In order to better characterize fulminant myocarditis associated with infection by the SARS-CoV-2 virus in adults, the team from the Intensive Medicine-Resuscitation Department of the Pitié-Salpêtrière Hospital conducted a study, in partnership with researchers from Inserm and the University of Paris, on cases of patients admitted to intensive care at the Heart Institute of the Pitié-Salpêtrière Hospitalbetween May 2020 and June 2021.

The retrospective study includes data from 38 patients treated for secondary fulminant myocarditis after infection with the SARS-CoV-2 virus. Within this group, a distinction was made between those who presented the diagnostic criteria for multisystem inflammatory syndrome in adults (MIS-A+), whose symptoms are prolonged fever, conjunctivitis, neurological and digestive involvement, and thrombocytopenia, among others) , of those who did not meet these criteria (MIS-A-).

The results of the study show that MIS-A- patients, who represent 33% of cases, had a more recent infection, with an average delay of three days after the onset of covid symptoms. More severe myocarditis more frequently required the use of ECMO, veno-arterial disease, and involved higher hospital mortality. In contrast, in MIS-A+ patients, heart failure appears later, with a median delay of 32 days after infection, and it’s less seriousalthough the virus in this process is undetectable.

This inflammatory syndrome resembles other pathologies already known, such as Still’s disease, a rare systemic inflammatory disease, whose viral origin is suspected. This is the first time that a multisystem inflammatory syndrome has been described by linking it to a viral infection,” explains Pineton de Chambrun.

Which phenotypes could be biomarkers associated with covid?

In addition, the researchers were able to observe that these two the phenotypes are associated with different immunological profiles. In MIS-A- patients, levels of interferon alpha and interleukin-8 (IL-8) are elevated, which is characteristic of an early immune response against viral replication.

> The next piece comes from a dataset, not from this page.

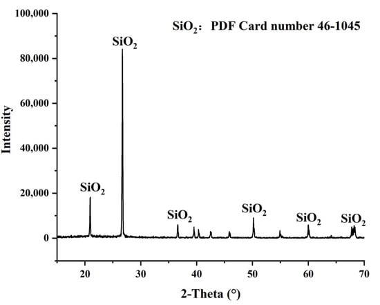 Single mineral particles such as quartz and magnetite are often used as raw materials for mineral separation experiments [11,26,27,31]. In this study, quartz powder (Xinyi silica Co., Ltd., Xinyi, China) and synthetic ore consisting of quartz and magnetite powder (Jinling iron ore mine, Zibo, China) with a mass ratio of 1:1 were used to mimic natural minerals with the same densities. The XRD pattern images in Figure 2 and Figure 3 show that the samples used for tests were predominantly quartz and magnetite with high purity. The size distributions of quartz and magnetite are shown in Table 1. The proportion of −500 μm particles in raw quartz was 96.71%, and most particles were concentrated below 400 μm, accounting for 89.98%. The percentage of −200 μm particles in raw magnetite was 92.93%, and it showed that the raw magnetite is finer than the raw quartz.
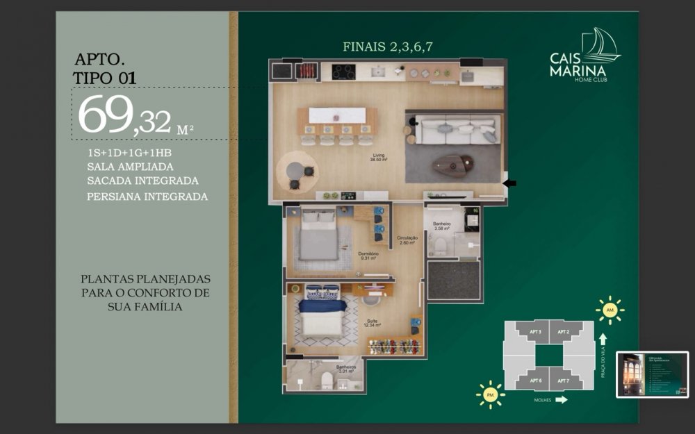 - Área Total: 69,32 m² (R$ 8.944/m²)

For their part, MIS-A+ patients have high levels of IL-17, a cytokine known to be involved in several chronic inflammatory diseases, and of IL-22.

Another notable feature in MIS-A- patients is that more than half had anti-RNA polymerase III antibodies. However, these autoantibodies have already been associated by the same research team with recurrent fulminant viral myocarditis linked to influenza. These autoantibodies are also found in sclerodermaa serious systemic autoimmune disease that affects connective tissues.

Pineton de Chambrun notes that “recent data suggest that the RNA polymerase III targeted by these antibodies is involved in antiviral defense. It is possible that these antibodies modify the inflammatory response against the virus. Thus, myocarditis is caused by viral multiplication in the heart after this weak immune response, or by the inflammatory reaction induced by anti-RNA polymerase III antibodies.

“This study shows that fulminant myocarditis associated with COVID-19 represents a heterogeneous entity encompassing two patient phenotypes that differ in clinical, immunobiological and prognostic criteria,” the authors point out. To distinguish between these phenotypes, “they suggest that IL-17, IL-22, interferon, and anti-RNA polymerase III antibodies could be used as biomarkers”.

“For most patients, these biomarkers do not seem essential (in the diagnostic process) because the clinical pictures of these myocarditis, once well understood, are easy to distinguish”, remarks Pineton de Chambrun. On another side, “can be useful in case of doubt. They would also be interested in confirming the viral origin of the myocarditis”.

In conclusion, the research shows that the MIS-A criteria identify two phenotypes within Covid-19-induced fulminant myocarditis. MIS-A+ and MIS-A- patients have a very different clinical presentation, prognosis and immunological profile. According to the authors, the fact of differentiating these two entities seems important for their treatment and to better understand its physiopathology.

Although it may contain statements, data, or notes from healthcare institutions or professionals, the information in Medical Writing is edited and prepared by journalists. We recommend that the reader consult a healthcare practitioner with any health-related questions.